In junior high, she realized that mindless practice alone would not make her into a strong player. “I had to think on my feet in matches, and it made sense to do the same when training,” she recalls. “After all, I knew my strengths and weaknesses better than anyone, so who better than me to analyze my play and work on my faults? It’s not like I suddenly stopped listening to my coaches, though. Rather, their input was an important aspect of my overall approach. ”
The table tennis circuit, like other sports, has been severely disrupted by the COVID-19 pandemic, with events being postponed or cancelled outright. Itō has made the most of the down time by further honing her game. So far during the 2021 season, she has won the singles titles at two major tournaments, the WTT Contender and WTT Star Contender, although it should be noted that with Chinese players unable to attend, Itō was the only athlete in the top seven in attendance.

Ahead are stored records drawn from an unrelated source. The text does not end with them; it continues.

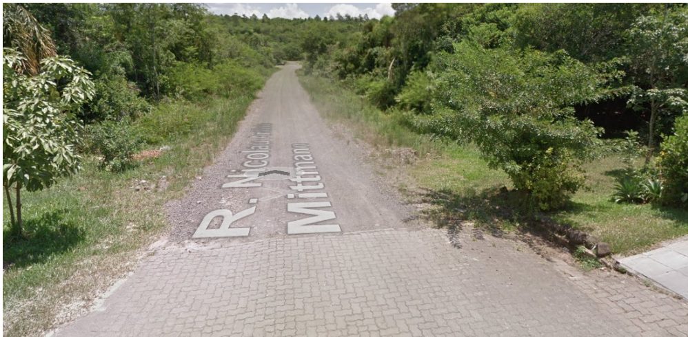
RUA NICOLAU ANTONIO MITMANN (SENTIDO L-O)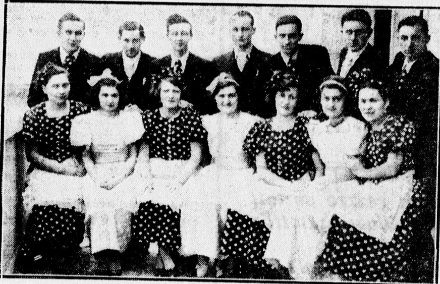
A balmazújvárosi Pettyes-bálról.

A sétatánc muzsikájából eszárdásba esapott a cigány vonója és kellemes hangulatban reggelig együtt maradt a pettyes-bál közönsége.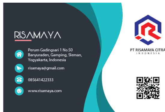
Gambar 5. Penyematan qr code sebagai bentuk diseminasi produk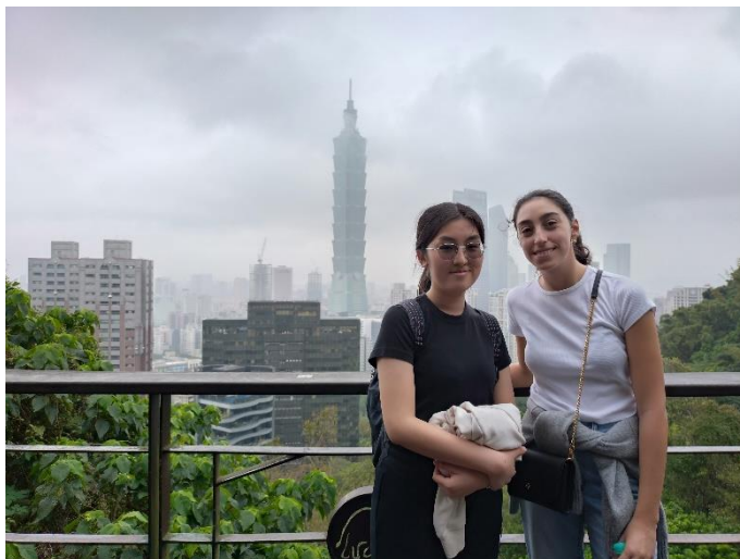
2024/03/18 爬到象山觀景台 後能看到 101 大樓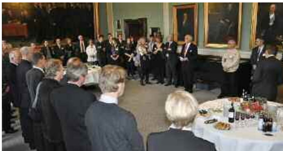
Folketingets formand Thor Pedersen taler til gæsterne på den reception, han har indbudt til efter Folketingets vedtagelse af L98, Sydslesvigloven den 23. marts. »Familiefoto« af de deltagende sydslesvigere og nogle af deres venner.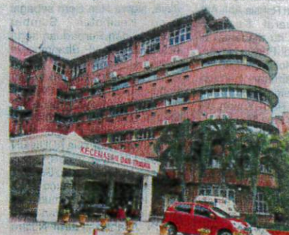
Perkhidmatan perubatan di HSA, Johor Bahru juga berjalan lancar.

Berdasarkan pemerhatian, kesemua unit perkhidmatan kesihatan di hospital berkenaan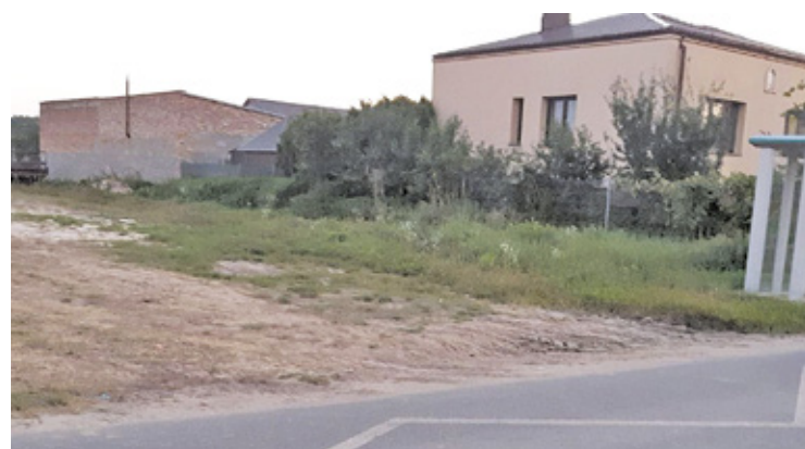
Chodnik i przejście dla pieszych do przystanku – tego domagają się mieszkańcy Suchego Lasu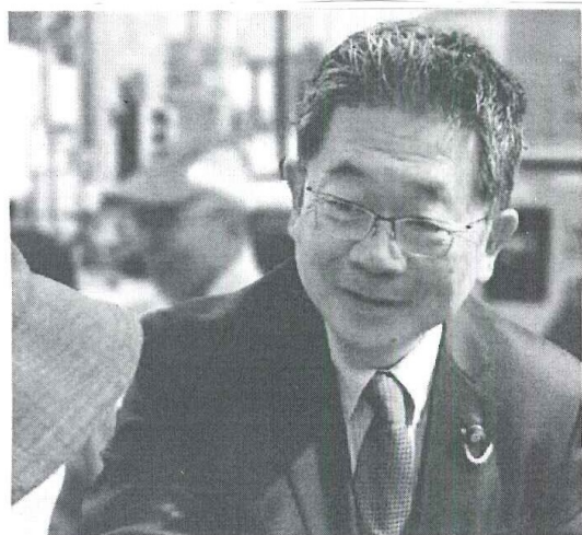
小池 晃 書記局長・参議院議員（比例代表）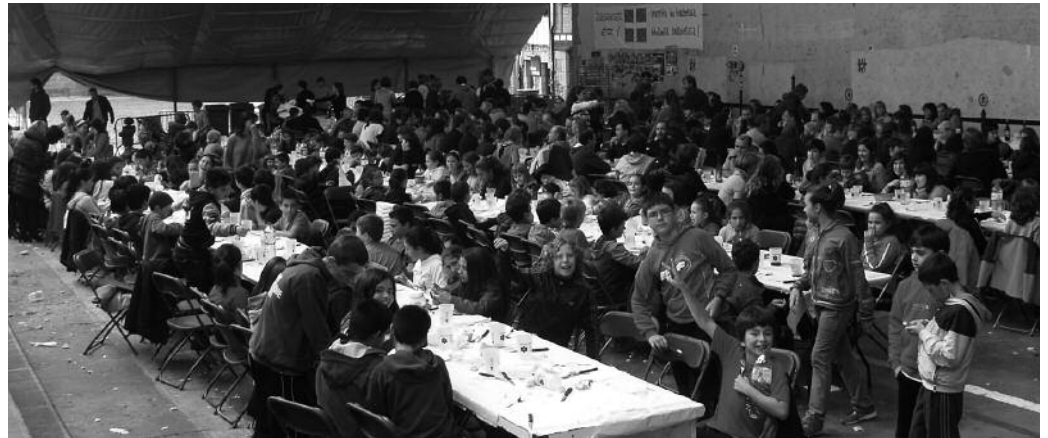
Jende asko batu zen frontoian, Ikastolaren Eguneko berri bazkarian.

Ekainaren 1ekoa goiz euritsua izan arren, Ikastola Eguna abiatu zuten LH-ko ikasleen arteko jokoak bere horretan ospatu ziren. Kolore urdin, gorri eta berdeko taldeen arte-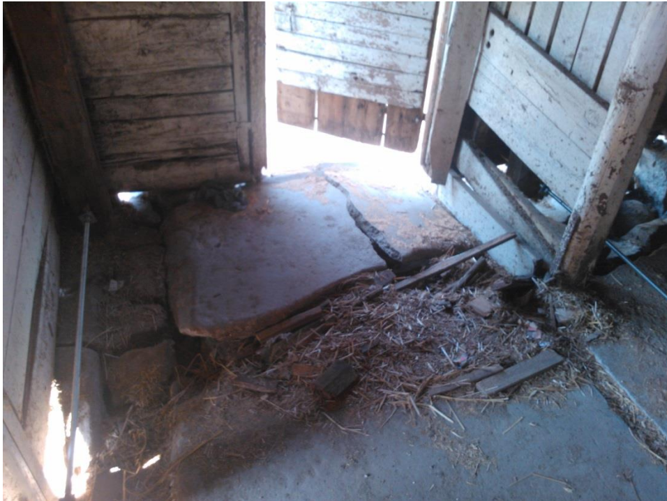
Kuvio 13. Vaurioitunut maanvarainen laatta.

Maavaraisten lattioiden yhteydessä voidaan usein huomata viimeistään rakennusten jäätyä lämmittämättömiksi, että lattiat ovat haljenneet. (Kuva 13.)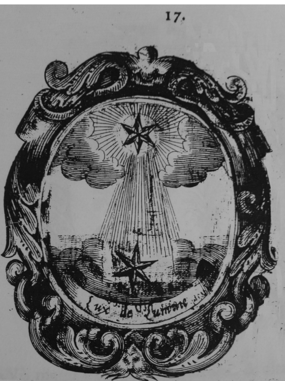
Fig. 11. Triumphus ....Emblema num. 17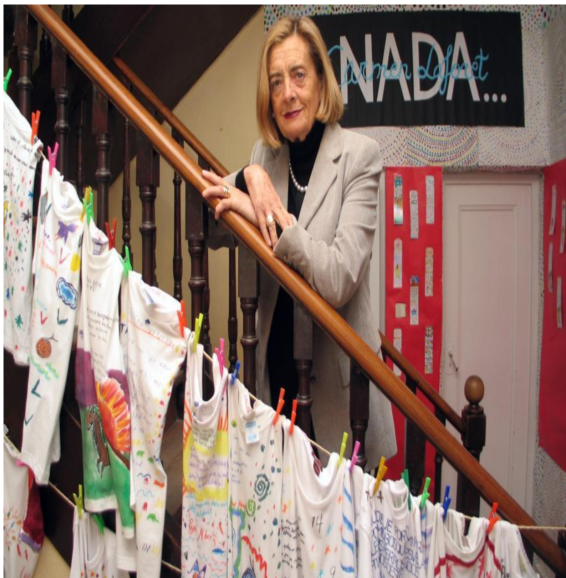
Anexo 8: Joséfina Aldecoa.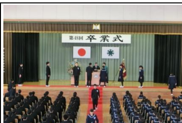
凛とした空気の中行われた卒業証書授与

卒業生合唱『巣立ちの歌』の一節にもあるように、卒業生一人一人の「輝かしい明日の日」をこれからも応援し続けます。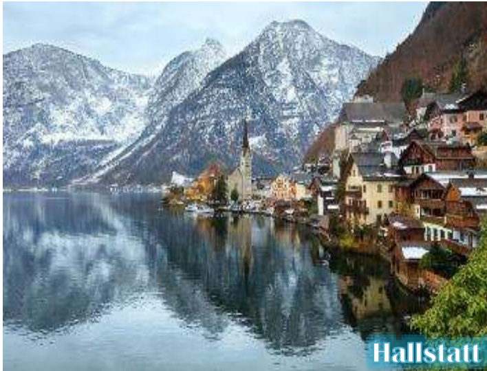
Hallstatt View point

*** บริษัทฯ ขอสงวนสิทธิ์ในการย้ายโรงแรมที่พักไปยังเมืองเซนต์ลูส์ฟิงก์ หรือ เซนต์กิลเกน (ริมทะเลสาบ) แทน ในกรณี โรงแรมในหมู่บ้านอัลด์สตัดท์เต็ม ***

Itō was in the first year of junior high school back in 2013 when Tokyo won the right to host the Olympics. At the time, she set the goal for herself of winning gold in the singles and team events. The Tokyo games will also offer her a shot at a third medal in the newly added mixed doubles, which she is set to compete in with partner Mizutani Jun. She will have to overcome a determined Chinese team to achieve her ambition, but Itō has shown that she is more than up to the task.